Collection entries:
####

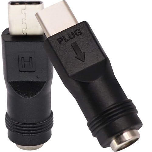 This adapter has a 5.5/2.5mm female Jack DC connector at the input and a USB-C connector at the output. It will allow you to power modules with USB-C connectivity using a power adapter that has a 5.5/2.5mm male Jack DC connector.
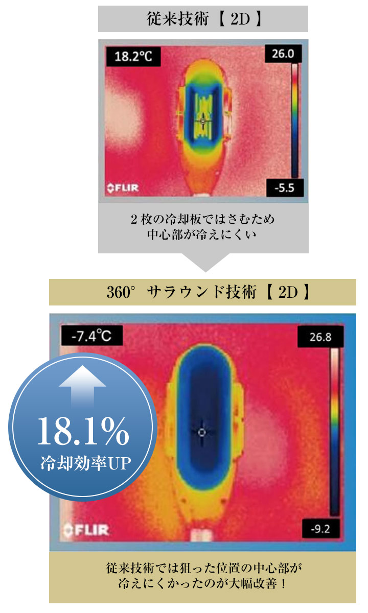3Dカップを採用!従来型より冷却効率が18.1%アップ!
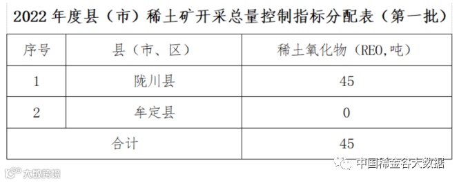 云南省自然资源厅关于2022年度第一批钨矿稀土矿开采总量控制指标分解下达的公示
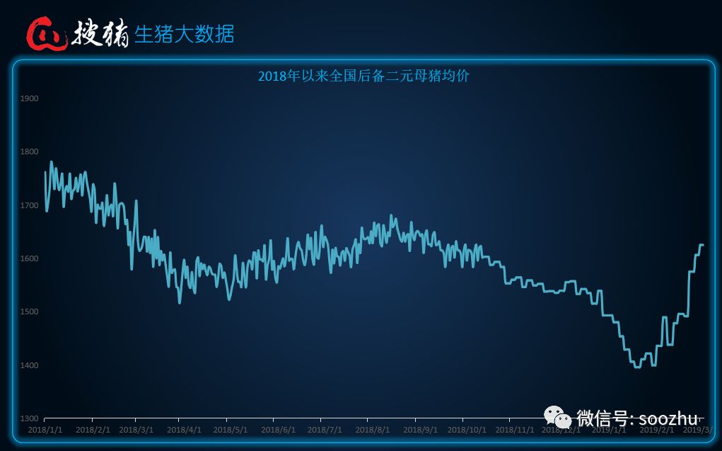 后备二元母猪的补栏及价格情况:随着仔猪价格的飙升,肥猪价格的震荡,随之也带动了二元母猪的价格上涨,补栏情况逐渐上升,其价格也要逼近1700元/头,后期还有涨幅的趋势......
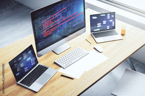 Abstract creative coding concept on modern laptop screen. 3D Rendering
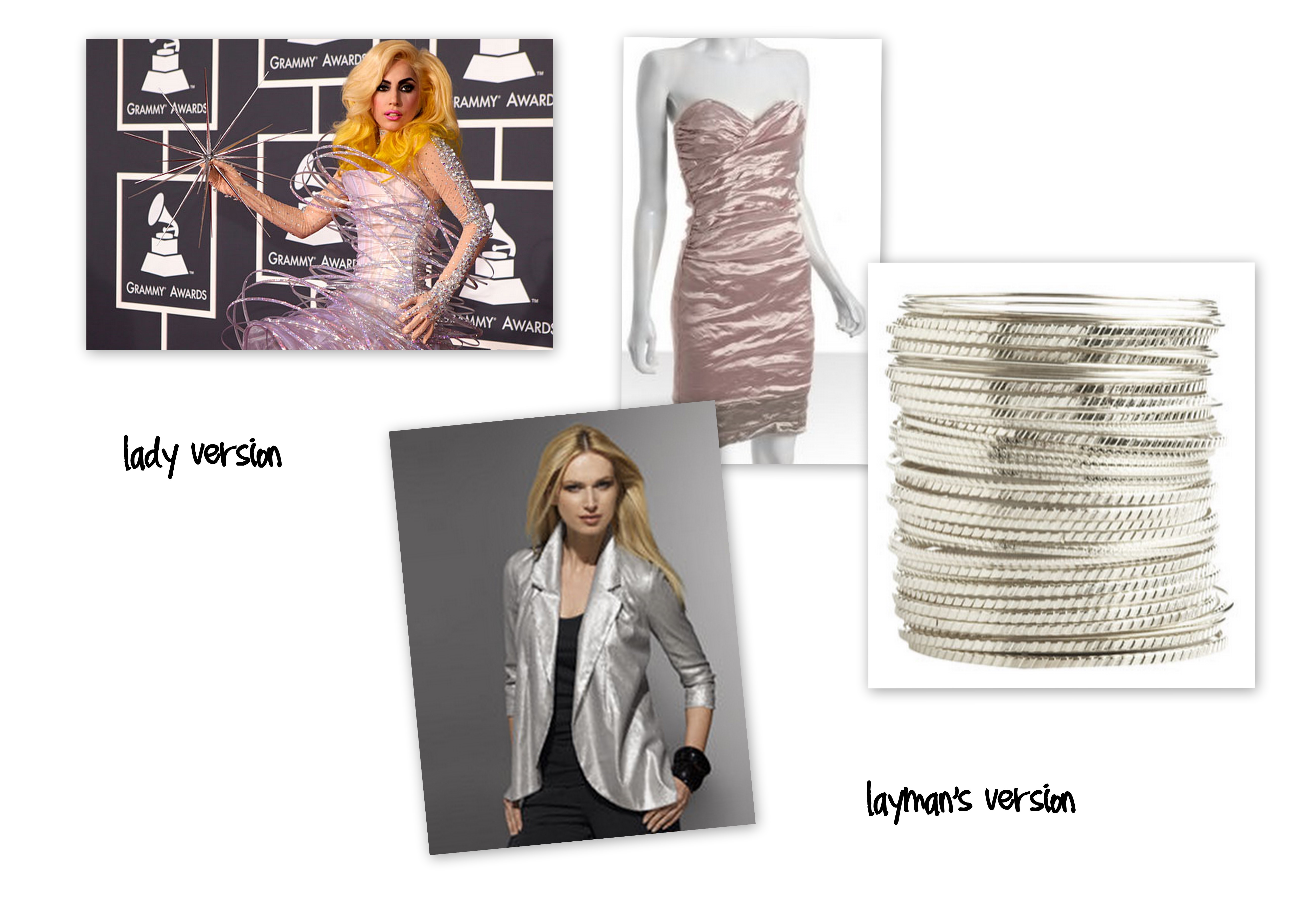 So we’re all admittedly gaga for Gaga. Sure, her outfits are outlandish and sometimes always crazy but the girl knows how to make a statement. Being one who is inspired by looks from catalogs, fashion sites and the occasional trash mag, it’s kind of fun to take her wild outfits and make them a little more wearable. Check out the looks done the Lady way and then the layman’s way…

####

» Try it: Write out exactly and only the lines that run from the start of the data above through the line containing "Abstract creative coding", leaving the pictures out.

» Your solution:
 This adapter has a 5.5/2.5mm female Jack DC connector at the input and a USB-C connector at the output. It will allow you to power modules with USB-C connectivity using a power adapter that has a 5.5/2.5mm male Jack DC connector.
3Dカップを採用!従来型より冷却効率が18.1%アップ!
 云南省自然资源厅关于2022年度第一批钨矿稀土矿开采总量控制指标分解下达的公示
 后备二元母猪的补栏及价格情况:随着仔猪价格的飙升,肥猪价格的震荡,随之也带动了二元母猪的价格上涨,补栏情况逐渐上升,其价格也要逼近1700元/头,后期还有涨幅的趋势......
 Abstract creative coding concept on modern laptop screen. 3D Rendering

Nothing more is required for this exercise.